One of the fundamental challenges in statistical modeling, particularly when using Ordinary Least Squares (OLS) regression, is ensuring the underlying assumptions are met. A critical assumption relates to the variance of the error terms, which must remain constant across all levels of the predictor variables. When this assumption is violated, the condition is known as heteroscedasticity (or non-constant variance), a state that severely compromises the validity of subsequent statistical inferences, including parameter estimates and hypothesis testing.

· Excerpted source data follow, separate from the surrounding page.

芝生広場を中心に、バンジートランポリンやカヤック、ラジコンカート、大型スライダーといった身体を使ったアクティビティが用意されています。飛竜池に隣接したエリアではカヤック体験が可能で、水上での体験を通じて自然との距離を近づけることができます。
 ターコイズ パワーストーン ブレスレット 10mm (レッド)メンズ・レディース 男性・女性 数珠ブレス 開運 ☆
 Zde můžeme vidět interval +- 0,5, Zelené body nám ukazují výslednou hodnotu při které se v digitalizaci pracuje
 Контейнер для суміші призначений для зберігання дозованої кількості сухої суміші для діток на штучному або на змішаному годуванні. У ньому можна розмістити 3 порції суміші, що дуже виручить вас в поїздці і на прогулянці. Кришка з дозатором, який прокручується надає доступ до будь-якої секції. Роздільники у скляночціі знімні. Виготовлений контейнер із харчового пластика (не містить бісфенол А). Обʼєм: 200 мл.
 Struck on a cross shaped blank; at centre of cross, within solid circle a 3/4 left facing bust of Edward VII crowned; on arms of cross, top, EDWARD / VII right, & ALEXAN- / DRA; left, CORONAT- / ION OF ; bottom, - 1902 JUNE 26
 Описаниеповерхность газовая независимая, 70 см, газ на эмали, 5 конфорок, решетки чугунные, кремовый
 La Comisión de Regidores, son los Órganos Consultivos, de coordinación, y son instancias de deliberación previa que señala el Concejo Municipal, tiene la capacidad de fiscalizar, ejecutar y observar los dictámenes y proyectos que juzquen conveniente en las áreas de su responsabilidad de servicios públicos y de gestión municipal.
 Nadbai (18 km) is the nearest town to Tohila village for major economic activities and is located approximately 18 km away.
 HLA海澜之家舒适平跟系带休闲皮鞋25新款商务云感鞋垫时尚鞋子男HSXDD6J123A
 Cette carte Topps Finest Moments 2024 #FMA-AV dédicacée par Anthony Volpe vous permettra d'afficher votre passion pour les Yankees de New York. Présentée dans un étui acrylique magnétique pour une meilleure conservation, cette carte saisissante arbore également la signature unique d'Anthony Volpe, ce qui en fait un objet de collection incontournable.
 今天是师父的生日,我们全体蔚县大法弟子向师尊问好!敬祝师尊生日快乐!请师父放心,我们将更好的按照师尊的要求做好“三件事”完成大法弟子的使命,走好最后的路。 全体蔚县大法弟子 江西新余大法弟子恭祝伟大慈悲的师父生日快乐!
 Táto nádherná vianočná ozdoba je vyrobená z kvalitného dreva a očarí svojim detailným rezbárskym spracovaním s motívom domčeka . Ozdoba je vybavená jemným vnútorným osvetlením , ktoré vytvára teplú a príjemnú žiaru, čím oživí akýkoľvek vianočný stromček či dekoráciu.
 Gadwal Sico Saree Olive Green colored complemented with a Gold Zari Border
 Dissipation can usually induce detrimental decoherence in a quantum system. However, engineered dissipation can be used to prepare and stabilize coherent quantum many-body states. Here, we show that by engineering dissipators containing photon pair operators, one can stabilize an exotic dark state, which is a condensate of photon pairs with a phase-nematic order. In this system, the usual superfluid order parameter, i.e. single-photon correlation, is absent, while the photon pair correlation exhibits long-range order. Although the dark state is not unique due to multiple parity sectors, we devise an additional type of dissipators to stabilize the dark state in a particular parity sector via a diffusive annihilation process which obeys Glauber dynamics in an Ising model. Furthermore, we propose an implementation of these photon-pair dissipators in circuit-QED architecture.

To diagnose this potentially debilitating issue, statisticians rely on specialized diagnostic tools. The Goldfeld-Quandt test (GQT) stands out as a powerful and widely accepted method for formally testing the presence of non-constant variance within a linear regression model. This test is specifically designed to compare the variance of the residuals in different segments of the data, providing a formal statistical measure to determine if the dispersion of errors is indeed uniform across the entire range of observations.

Understanding and addressing heteroscedasticity is not merely an academic exercise; it is vital for ensuring the reliability of any predictive or explanatory model. If this variance inconsistency is left uncorrected, the coefficients derived from the model may still be unbiased, but their associated standard errors will be skewed and unreliable, leading to potentially incorrect conclusions about the significance of the independent variables. This tutorial provides a detailed, procedural walkthrough of how to execute the Goldfeld-Quandt test efficiently using the statistical programming environment R, allowing analysts to quickly validate the critical assumption of homoscedasticity.

Preparation in R: Building the Regression Model

Before any diagnostic tests can be performed, a properly specified linear regression model must be established. For demonstration purposes, we will utilize the widely available mtcars dataset, which is conveniently built into R. This dataset contains observations detailing 32 different characteristics of various automobiles, making it an excellent candidate for initial statistical exploration.

Our objective is to model miles per gallon (mpg) as the dependent variable, predicted by engine displacement (disp) and gross horsepower (hp). This specific relationship allows us to analyze how internal engine characteristics influence fuel efficiency. We construct this model using the standard lm() function, which is the foundational tool for linear modeling in R. This function computes the Ordinary Least Squares estimates necessary for our analysis.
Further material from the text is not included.